[Biopython-dev] hmmpfam parser
Brad Chapman
chapmanb at uga.edu
Thu Feb 12 18:52:32 EST 2004
Hi Wagied;
> Hopefully this meets the guidelines.
[...New version of the parser deleted...]
I've had a good hard look at this and done a number of fix-ups and
things to try and make things more understandable to myself, easier
to maintain, and more conformant to the normal "Biopython way" of
doing things.
I've attached a new version to this mail which cleans up a number of
things:
1. Iterator and parser are separate entities, and now behave like
standard Biopython iterators and parsers.
2. Cleaned up functions -- some functions (specifically parse()) ran
over multiple pages with heavy indenting. This is really hard to
follow and maintain -- I split things into separate internal
functions.
3. Got rid of lots of use of constants, for standard things like
newlines and other things. Again, these make the code harder to
follow.
4. Removed some of the unnecessary variables which look like they
are left over from coding the parser.
5. Wrapped lines to 80 characters or less.

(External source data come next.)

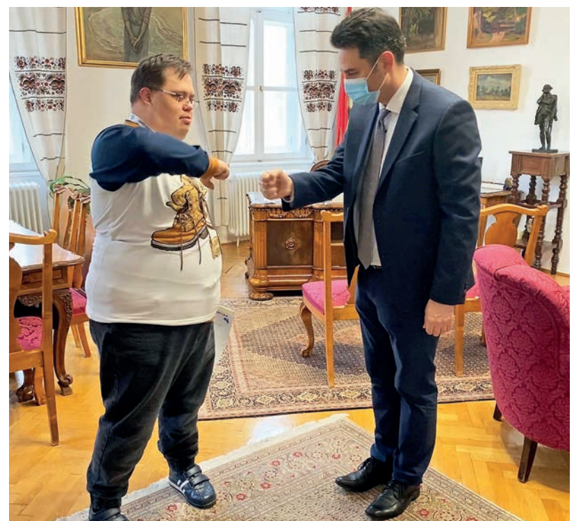
A JÁRVÁNYHELYZETHEZ ÉS A SPORTÁGHOZ IS ILLIK AZ ÜDVÖZLÉS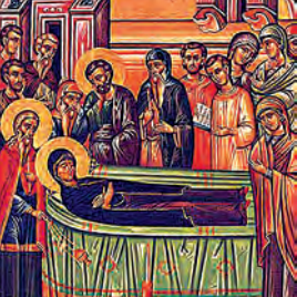
Κοῖμησις ἁγίας Ἄννης Θεοπρομήτορος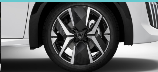
Rodas de liga-leve Diamantadas de 17"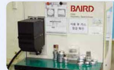
성분 분석기 Ingredient analyzer 成分分析器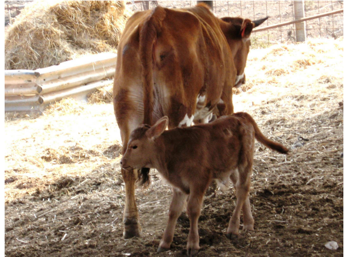
עור הראש של עגל הך. בעגל צעיר (תוך שנתו הראשונה, או כל עוד הוא יונק) עור הראש רך, ולכן לדעת רבי שמעון הוא ראוי לאכילה, והמחשבה עליו מפגלת. להלכה נפסק שלא כדעה זו.

לפי דרך זו אין לנו ראייה להוציא מהלכתא את כל מה שהוסיפו ר' יעקב ור' שמעון, גם אם תנא קמא בברייתא חולק בפרטים אלו 16 , אלא רק את הפרטים שעליהם אמר ר' יוחנן במפורש שלגרסתו נשנו בלשון יחיד: בית הפרסות (בחולין נה, ב) ועור הראש (שם קכב, ב). על עור בית הבושת לא מצאנו שר' יוחנן אומר זאת, ולכן דינו כבשר (חק נתן); לחם משנה הל' מאכלות אסורות ד, כא).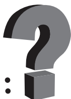
TABLEAU ÉVOLUTIF DE LA CONSTRUCTION IDENTITAIRE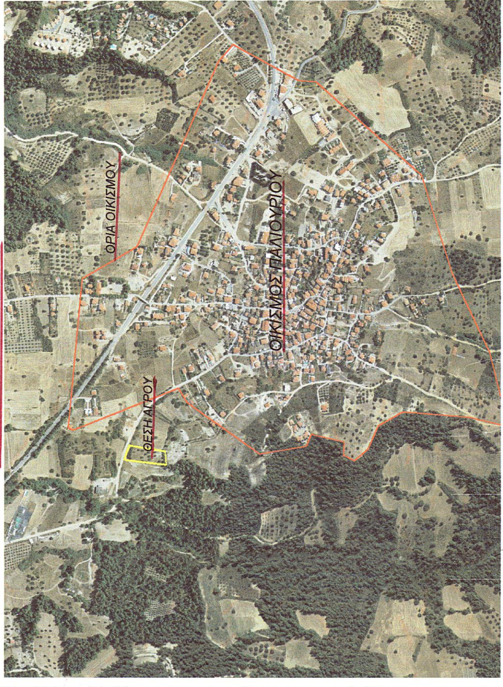
ΥΠΕΥΘΥΝΗ ΔΗΛΩΣΗ ΝΟΜΟΥ 651/77

Η υπογεγραμμένη Μηχανικός Γεωπληροφορικής και Τοπογραφίας ΧΑΡΙΚΛΕΙΑ Χ. ΚΟΡΔΕΛΑ Διπλώμα Υπεύθυνα ότι ο αγρός υπο στοιχεία (ΑΒΓΔΕΖΗΘΑ) Εμβαδού 3560,20 τμ Εντός Ζώνης είναι άριστος και οικοδομήσιμος σύμφωνα με τις ισχύουσες Πολεοδομικές Διατάξεις Π.Δ. 1-7-77 ΦΕΚ 290 Δ/1-9-77 Π.Δ. 24-5-85 (ΦΕΚ 270Δ/31-5-85). Δεν υπάγεται στις Διατάξεις του Ν. 1337/83, δεν έχει υποχρεώσεις εισφοράς σε γη και χρήμα και δεν έχει κυρωθεί πράξη εφαρμογής Πολεοδομικής Μελέτης. Δεν υπάγεται στις διατάξεις του Ν.2308/85 περί Εθνικού Κτηματολογίου. Ευρίσκεται σε προτεινόμενη περιοχή Σχεδίου Χωρικής και Οικιστικής Οργάνωσης Ανοικτής Πόλης (Σ.Χ.Ο.Α.Π.) ΦΕΚ 1687/ΑΑΠ 10-5-2012 και συγκεκριμένα ανήκει σε Περιοχή με κωδικό αριθμό ΠΕΠΔ-ΛΠΤ (Περιοχή Ελέγχου και περιορισμού Δόμησης Λοιπή Γεωργική Γη). Απέχει δε 2335 μ περίπου από την θάλασσα και 300 μ. περίπου από τα όρια της ΤΥΚ Παλαιούριου.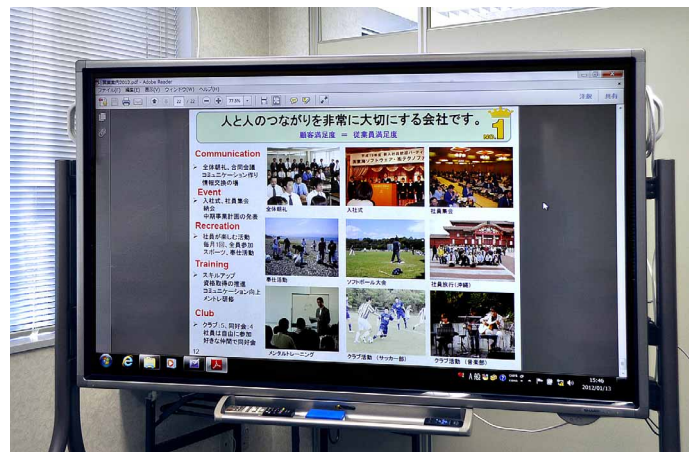
従来のプロジェクターより写真も鮮明に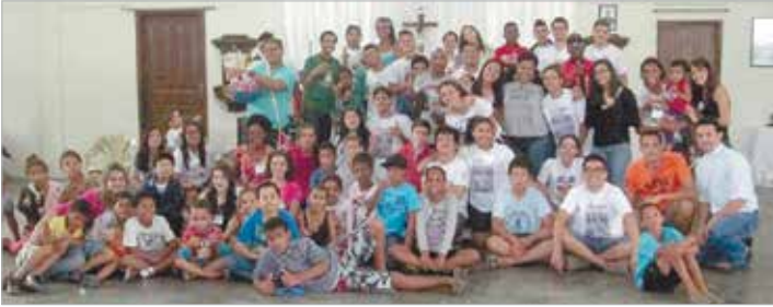
Missionários e crianças da Comunidade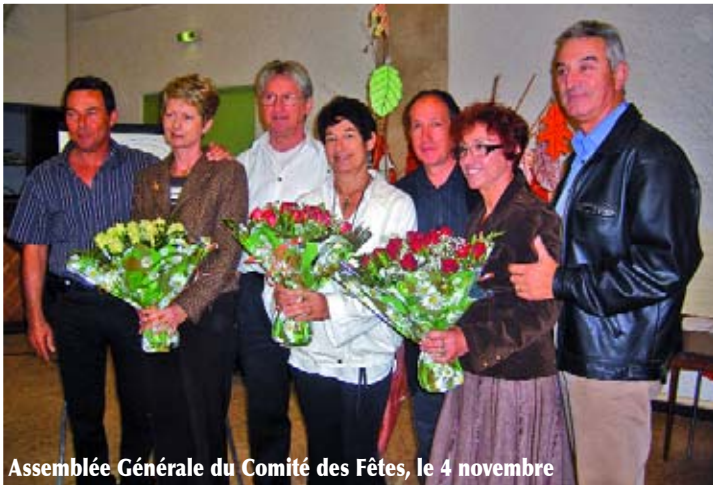
Assemblée Générale du Comité des Fêtes, le 4 novembre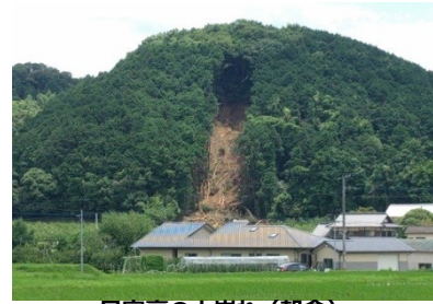
民家裏の山崩れ(朝倉)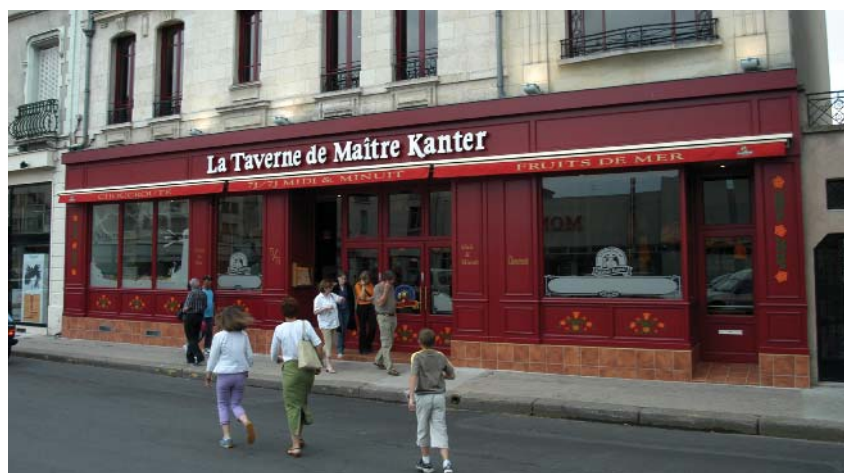
La Taverne de Maître Kanter à Montluçon : le 1 er chantier de Prolynôme.

P rolynôme, c'est l'alliance du professionnalisme et d'un polynôme , somme algébrique de monômes, donc d'individualités. Six individualités bien connues sur le bassin montluçonnais et bien au-delà et qui avaient l'habitude de travailler ensemble, de manière informelle, sur des chantiers extérieurs : dans le sillage de la Société nouvelle de menuiserie Aumaître, les entreprises Aéro-Services (chauffage, climatisation, ventilation, plomberie), Auvitu (électricité, alarme, domotique), Verreries du Centre (miroiterie, vitrerie, survitrage, agencement de magasins, vérandas) et la Sogeb-Mazet, sans oublier une société de maçonnerie-carrelage. La somme des savoir-faire de chacune leur permet d'appréhender la quasi-totalité d'un chantier. Pourquoi, alors, ne pas se fédérer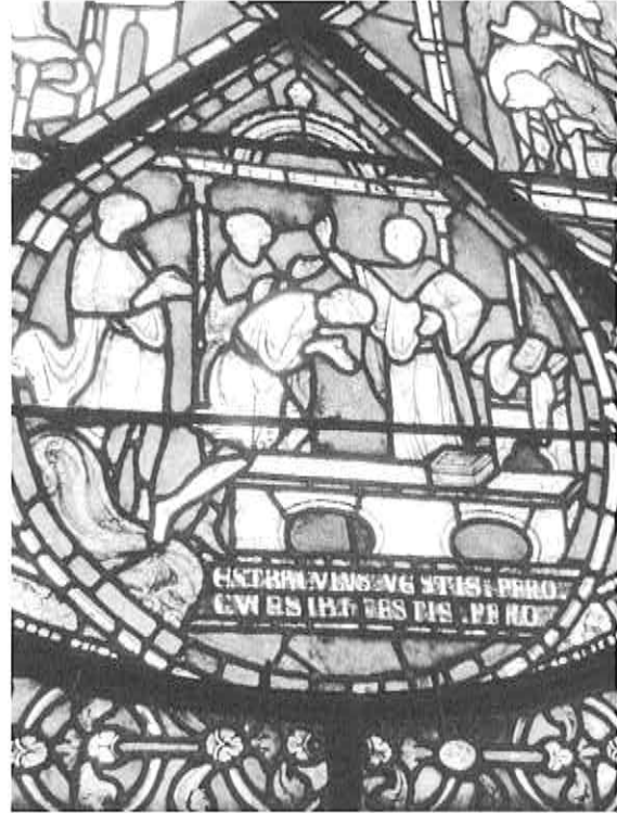
聖トマスの奇跡を表したステンドグラス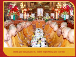
Hình ghi trong nghi thức, chính niệm trong giờ tọa.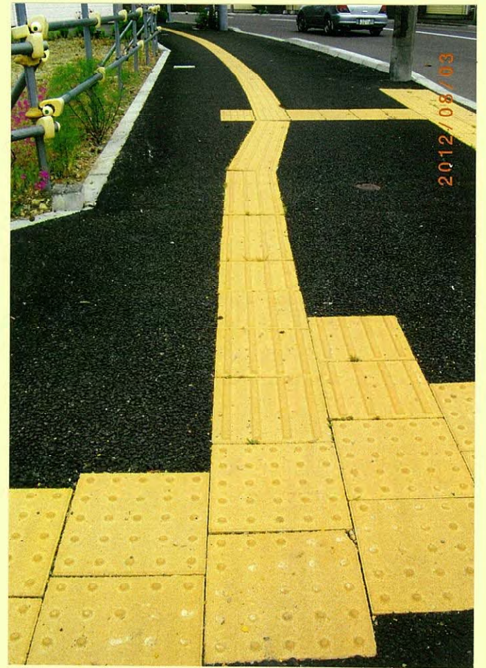
福住町2丁目セーコマート前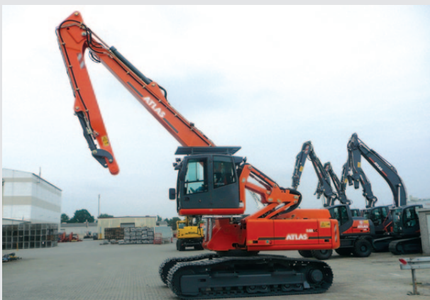
Grungerät 340LC: Spezialraupenbagger mit 2,5 m hoch- und vorfahrbarer Vario-Kabine und gestrecktem Monoarm. Der Bagger wird zur Uferbefestigung an der Küste eingesetzt, deshalb hat er eine Seewasserbeständige Lackierung erhalten und alle Zylinderkolbenstangen sind aus Ni-Ro Vollmaterial in unserem Werk in Vechta gefertigt.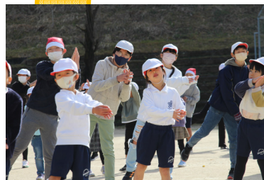
スマイル英語集会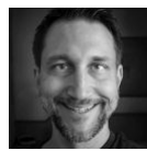
Thomas Bayer Orientation in Objects GmbH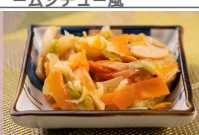
カレー風味ソテー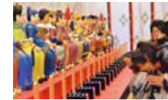
六十星宿守護神将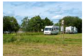
Hörsten: die Stellplätze beim Flugplatz Schachtholm am Kanal.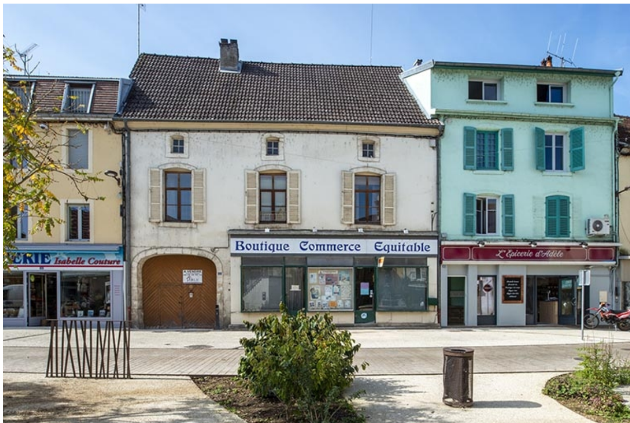
La rue Gambetta : n° 33 et 35. 70, Jussey rue Gambetta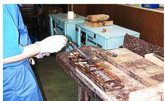
トーチ（ガスバーナー）銀ロー付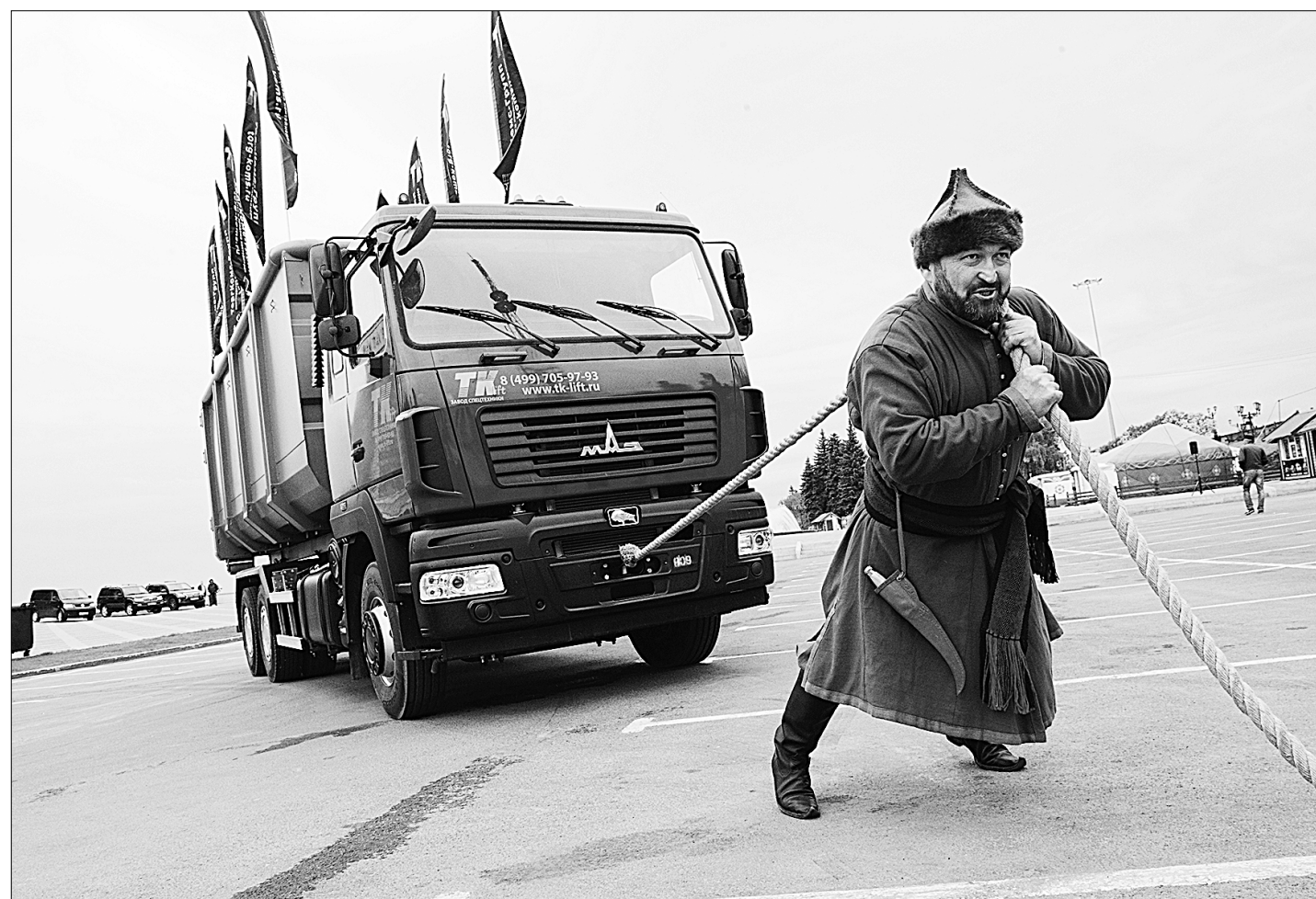
Сдвинуть с места машину реформы ТКО ох как непросто...

В Уфе участники международного съезда регоператоров поделились опытом переработки отходов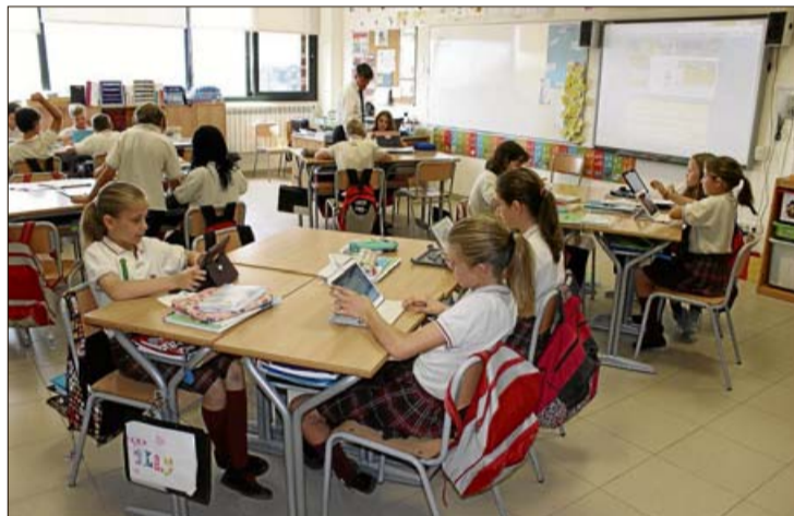
Los alumnos trabajan con tablets individuales en clase.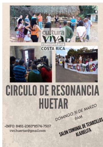
Ilustración 18. Afiche activación Círculo de Resonancia Región Huetar.

(Chorotega) y Zona Norte (Huetar Norte). Esto con el fin de que a través de esta metodología de trabajo, se promovieran de forma participativa procesos de cambio en los ámbitos políticos, culturales, económicos y sociales que atraviesan a los derechos culturales.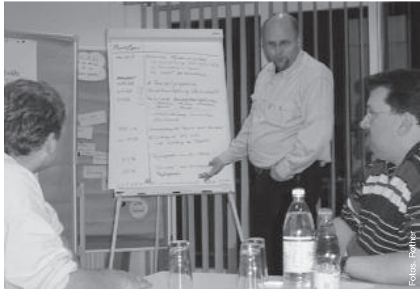
Das Modul „Grundlagen des Personalmanagements“ umfasst 16 Unterrichtseinheiten.

Nun folgt die Bedarfsanalyse: Für welche Aufgaben brauchen wir welche Kompetenzen? (Hierzu hat sich sehr bewährt Aufgabenprofile anzufertigen.) Bestimmung der Ziel-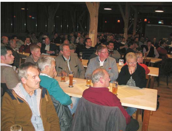
Blick in die Versammlung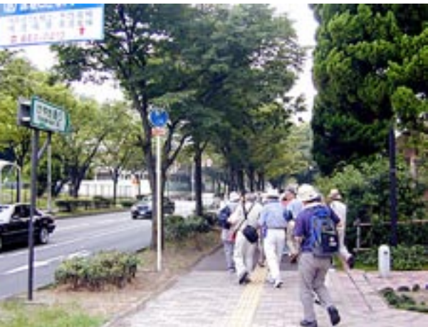
藤田川の交差点に到着、右に折れると枚方八景のひとつ「香里団地けやき通り」の東の起点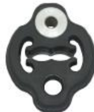
75322 Nissan Gummihänger mit großer Hülse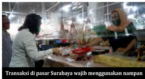
Transaksi di pasar Surabaya wajib menggunakan nampan

Dia juga mengatakan, pembelajaran tatap muka juga harus mendapat rekomendasi dari pemda, Gugus Tugas Covid-19 di daerah dan Kanwil Kemenag. Agus juga memastikan jajaran 4 menteri ini terus melakukan koordinasi, termasuk juga dengan DPR. (ist)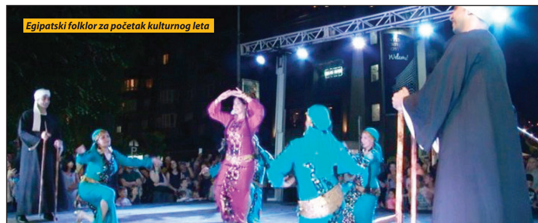
Egipatski folklor za početak kulturnog leta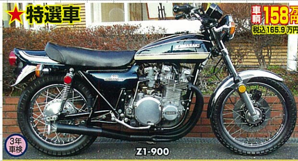
74年式・国内新規3年・ブルー/ゴールドライン・ブラック集合管付・超極上 優雅な25カラーのZ1は、弊社整備済みの高品質車であり、この度やっと店頭へお見え!IT.Tは全てのバイクを、お客様に納得すべく購入頂くのが他業!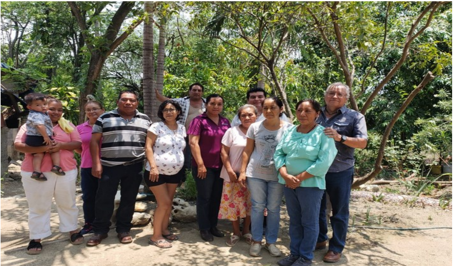
Abajo, al lado de nuestros hermanos de Ciudad Valles, en San Luis Potosí.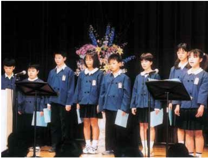
▲浅井キッズの元気な発表。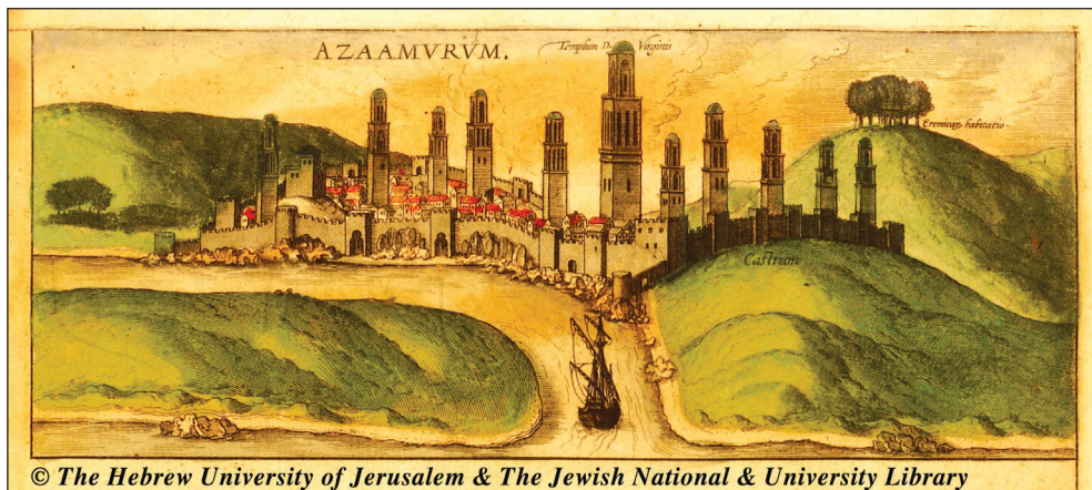
Fig. 10: Azemmour au début do XVI ème siècle.

La seule référence qui cadre avec ces découvertes archéologiques est le texte de Jean Darlet, publié sans indication de la source historique primaire, qui relate qu’en 1434 “les habitants qui ne pouvaient plus vivre dans cette agglomération l’abandonnent et reconstruisent leur ville là où elle est actuellement” et que le sultan “fit édifier en 1451 trois mosquées et envoya dans la cité des fqihis et des oulémas. Dix ans plus tard il faisait fortifier la ville.” 52 Ce passage énigmatique présuppose les raisons, pour l’instant inconnues, qui ont poussé les habitants d’Azemmour à déplacer ou à réduire la ville ancienne, avec la construction des nouvelles murailles.

This leaves things much better and gives a better idea of where the
parser is at. If you like these changes and want to keep working on
it, I'd suggest that a couple of things are still missing which
could use coding.
1. The domains and families can be extracted as XML, but not
accessed through a class. The HmmpfamRecord class really needs to
have family_scores and parsed_domains be lists of objects which have
all of the elements (model, description, e-value...) as attributes
of these classes. An excellent example of how this is done is the
BLAST Record class in Bio/Blast/Record.py, which is also documented
at:
http://biopython.org/docs/tutorial/Tutorial004.html#toc10
2. There needs to be some similar way to access the alignments, so
that they are also parsed into classes.
I think things are really coming along well -- let me know what you
think about expanding the Record class to include the families,
domains and alignments and we can get this finished and all checked
in. Please also let me know if I messed any of your code during my
work on it.
Hope this helps -- glad it's coming along!
Brad
-------------- next part --------------
####################################################################### */
# COPYRIGHT INFORMATION
# Pfam DOMAIN RESULTS PARSER
# @AUTHOR: Wagied Davids
# @DATE: 22.01.2004
# @COPYRIGHT: Wagied Davids, 2004
####################################################################### */
import sys
import string
import re
import time
from types import FileType
class HmmpfamRecord:
'''
Prototype class Entry structure
@author: Wagied Davids
@date: 22.01.2004
@copyright: Wagied Davids, 2004
'''
# STATIC DATA
FAMILY_CLASSIFICATION_HEADER = 'Scores for sequence family ' \
'classification (score includes all domains):\nModel ' \
'Description Score E-value N\n' \
'-------- ----------- ' \
'----- ------- ---'
PARSED_DOMAIN_HEADER = 'Parsed for domains:\nModel ' \
'Domain seq-f seq-t hmm-f hmm-t score E-value\n' \
'-------- ------- ----- ----- ----- ----- ----- -------'
NO_HITS= '[no hits above thresholds]'
# STATIC REGEX OBJECTS
REGEX_FAMILY_SCORES= re.compile(
r'((\S.*?)\s+(\S.*?)\s+((-| )\S.*?)\s+(\S.*?)\s+(\d+))',
re.MULTILINE | re.DOTALL )
def __init__( self, query, accession= None, description= None,
family_scores= [], parsed_domains= [], alignments= [] ):
'''
Constructor for Pfam Entry structure
@param ( query, accession= None, description= None,
family_scores= [], parsed_domains= [], alignments= [] )
@return (None)
'''
self.query= query
self.accession= accession
self.description= description
self.family_scores= family_scores
# FAMILY SCORES HITLIST FOR SCORE ENTRIES
self.family_scores_hitlist= []
self.parsed_domains= parsed_domains
self.alignments= alignments
def __str__( self ):
'''
Retrieves a string representation of parser entry class
@param (None)
@return (String: representation of HmmpfamRecord class)
'''
strBuffer= ''
strBuffer= strBuffer + "<HMMER>\n"
strBuffer= strBuffer + "\t<QUERY>%s</QUERY>\n" % (self.get_query())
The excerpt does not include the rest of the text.